The invention provides a data processing method, a data processor and a system. The method includes the steps that write operations of a plurality of source database clusters are monitored respectively; when it is monitored that a write operation exist in any source database cluster, the written data of the source database cluster through the current write operation are obtained; the obtained data are written in a target database cluster, wherein the storage capacity of the target database cluster is larger than or equal to the sum of the storage capacity of the multiple source database clusters; the data in the target database cluster are processed correspondingly and respectively according to data operation commands in the multiple source database clusters. By means of the data processing method, different data in the multiple source database clusters can be written in the same target database cluster, and thus the data are correspondingly and uniformly processed in the same target database cluster.

Description

Data processing method, data processor and system
Technical field
The present invention relates to data processing field, particularly relate to a kind of data processing method, data processor and system.
Background technology
For the storage problem of data large in solution business, usually the data of same business are dispensed to different source database clusters and carry out operational processes.Such as, the data capacity of a certain business has 10T, is to coordinate the use of business, the data of business is put in respectively in ten different source database clusters, puts the data of 1T in each source database cluster.
When needing to carry out the statistical operations such as alternate analysis to each data of this business, need the operation performing alternate analysis according to the statistical operation data extracted in not genbank database cluster one by one, cause the huge complexity of operational ton, and the accuracy rate of data statistics reduces.Even, for partial service, because data volume is excessive, possibly cannot utilize to extract one by one and carry out statistical study operation.
To sum up, in prior art, only can disperse to carry out the process operations such as statistical study for the data being scattered in not genbank database cluster, the accuracy rate causing the process for data to operate reduces, and for the business that partial data amount is larger, even cannot carry out process operation, and these problems can cause the operational efficiency that cannot promote business further, prevention business further develops.
Summary of the invention
In view of the above problems, embodiments of the invention propose a kind of data processing method, data processor and system, to overcome the problems referred to above or to solve the problem at least in part.
According to one aspect of the present invention, provide a kind of data processing method, for carrying out overall treatment to the data in separate multiple source database clusters, described method comprises: the write operation of monitoring described multiple source database cluster respectively; Monitor when there is write operation in arbitrary source database cluster, obtain the data of this this write operation of source database cluster write; By the data write target database cluster obtained, wherein, the memory capacity of described target database cluster is not less than the memory capacity sum of described multiple source database cluster; And, according to carrying out respective handling for the operational order of data in described multiple source database cluster to the data in described target database cluster respectively.

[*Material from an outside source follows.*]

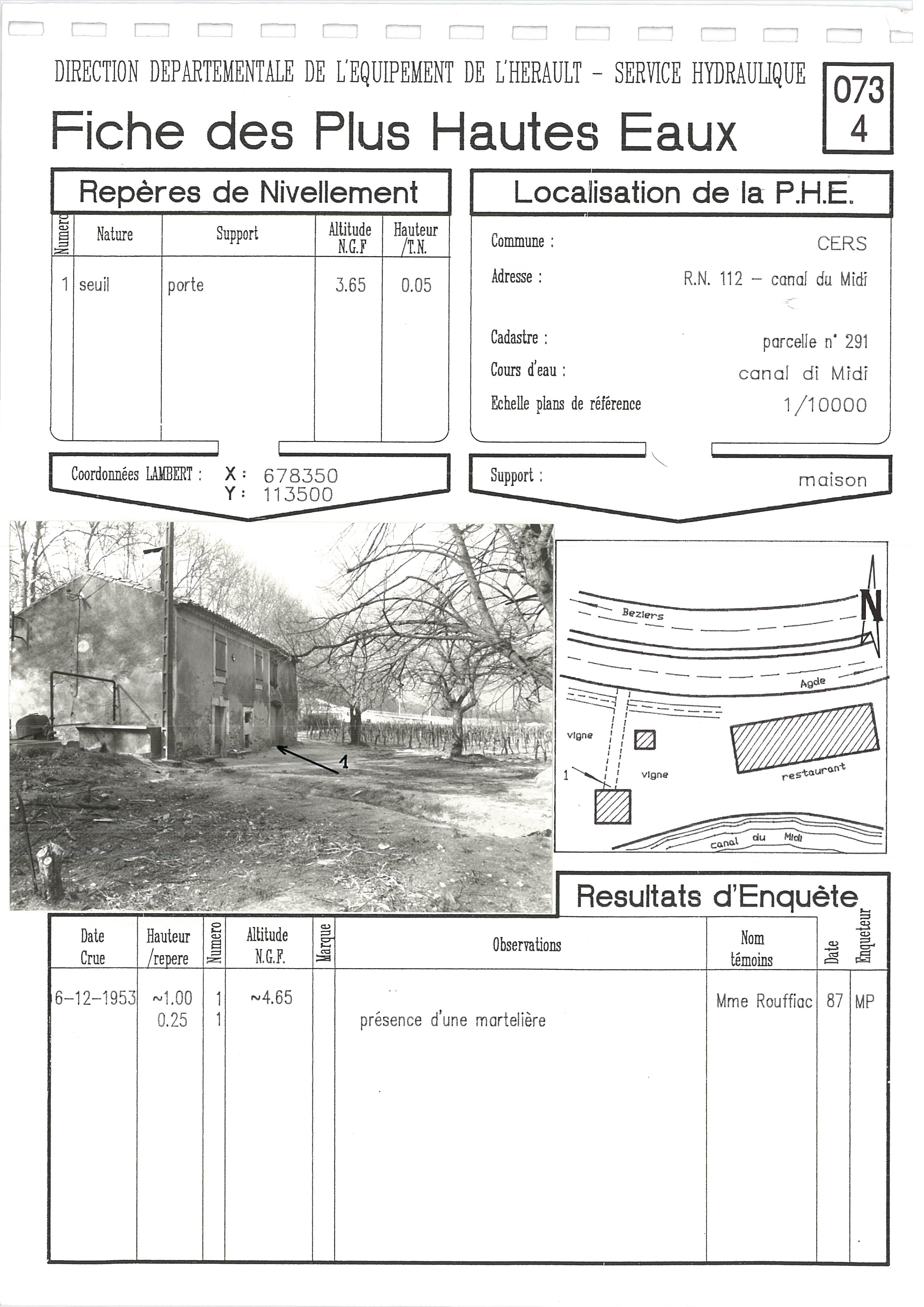 - Date du repère : 6 Décembre 1953

Alternatively, described step of monitoring the write operation of described multiple source database cluster respectively comprises further: for source database cluster described in each: the oplog information obtaining this source database cluster every the schedule time, and described oplog information is the response daily record of this source database cluster; This oplog information obtained of comparison and the last oplog information obtained are to obtain comparison result; And, if the oplog information that described comparison result shows twice acquisition is inconsistent, then monitors this source database cluster and there is write operation.
Alternatively, the described step by the data of acquisition write target database cluster comprises further: the identification information of deleting the data of described acquisition; The data of described acquisition are write described target database cluster; And, redistribute identification information according to the data that the identification information of the data stored in described target database cluster is described acquisition.
Alternatively, described identification information is the underscore identification information ID of data.
Alternatively, described method comprises further: after the data of acquisition are write described target database cluster, judges that whether this write operation of described target database cluster is successful; And, if not, repeat write operation, until the data of described acquisition are successfully write described target database cluster.
Alternatively, described operational order comprise following one of at least: data statistics instruction, data analysis instructions, data computations, data delete instruction.
Alternatively, described source database cluster and described target database cluster are all mongodb cluster.
According to another aspect of the present invention, additionally provide a kind of data processor, for carrying out overall treatment to the data in separate multiple source database clusters, described data processor comprises: monitoring modular, is suitable for the write operation of monitoring described multiple source database cluster respectively; Acquisition module, is suitable for monitoring when there is write operation in arbitrary source database cluster, obtains the data of this this write operation of source database cluster write; Writing module, be suitable for the data write target database cluster that will get, wherein, the memory capacity of described target database cluster is not less than the memory capacity sum of described multiple source database cluster; Processing module, is suitable for according to carrying out respective handling for the operational order of data in described multiple source database cluster to the data in described target database cluster respectively.
Alternatively, described monitoring modular is also suitable for: for source database cluster described in each: the oplog information obtaining this source database cluster every the schedule time, and described oplog information is the response daily record of this source database cluster; This oplog information obtained of comparison and the last oplog information obtained are to obtain comparison result; And, if the oplog information that described comparison result shows twice acquisition is inconsistent, then monitors this source database cluster and there is write operation.
Alternatively, described data processor also comprises: determination module, after being suitable for that the data of acquisition are write described target database cluster, judges that whether this write operation of described target database cluster is successful; And, if not, then notify that writing module repeats write operation, until the data of described acquisition are successfully write described target database cluster.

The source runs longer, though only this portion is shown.